I really believe that TFile::Open() has memory leak when using xrootd plugin which makes my jobs crash.

cheers,
Francesco

[quote=“delo”]Hi,

is there anybody who has an hint on this?
I really believe that TFile::Open() has memory leak when using xrootd plugin which makes my jobs crash.

cheers,
Francesco[/quote]

Unfortunately, it’s quite difficult to give you any advice without any actual code reproducing the problem.
The code snippets you’ve demonstrated are quite useless. The fact that memory in not released immediately and you have the same before/after means nothing, since system memory management is quite a complicated thing and if you call ‘delete’ it does not mean you immediately see the memory free with some tool. Most probably, your code (which you omitted) contains a memory leak, and quite a serious one if you managed to get an std::bad_alloc.

EDIT: ok, I see, you said this code is enough to get an exception.

Hi,

I got the confirmation from storage experts that the memory leak with xrootd is a known problem.
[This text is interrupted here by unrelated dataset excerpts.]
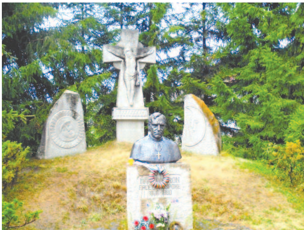
Márton Áron Nap és Hold között szülőfalujában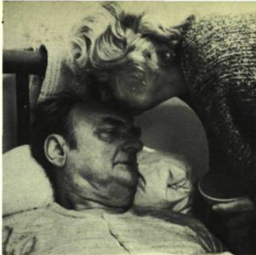
Les Dernières Fiançailles

Mon film ne ressemble pas aux films policiers américains, parce qu'aujourd'hui, au Québec, la forme d'espionnage dans les universités est "plate". Ça n'a rien de spectaculaire. L'agent double n'est pas armé.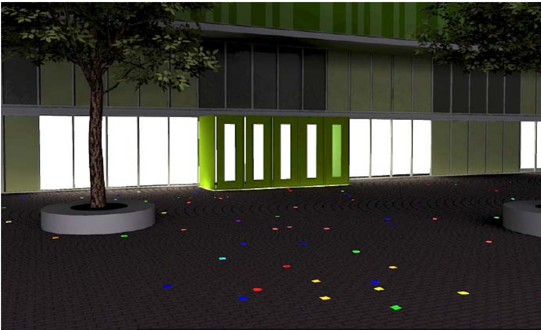
Schetsimpresie van de vierkante lichtvlakken op het plein (afbeelding uit het schetsontwerp)

Voor 'Confetti' werd Kluiters aangetrokken door de architectuur en activiteiten van de enorme, voor de buitenwereld hermetisch afgesloten sportzalen in het nieuwe sportcentrum 'Arcus'. Van alle dagelijkse bedrijvigheid in de zalen is buiten helemaal niets te zien of te merken.

The code I am using is nothing more than what is in the snippet. If there is a memory leak it has to be in those lines. (I cannot provide running code because I can’t grant access on eos)

However the memory usage as I described is indeed very informative. When running on local files (when xrootd plugin is not used) it shows the expected behavior (as described in other discussions). The memory usage increases after the first file and in the following iteration there is no increase in the usage.

D

Hi

We are looking at a similar problem elsewhere, where it has been suggested, by the xrootd developers, that it is related to memory allocation issues in SL6.

Could you try setting
MALLOC_ARENA_MAX=1
and see if this also alleviates the problem you see.

Looks like this patch also needs to have been applied on the machine for this to work but I believe this is applied on lxplus machines
rhn.redhat.com/errata/RHSA-2012-0058.html

Cheers

Wahid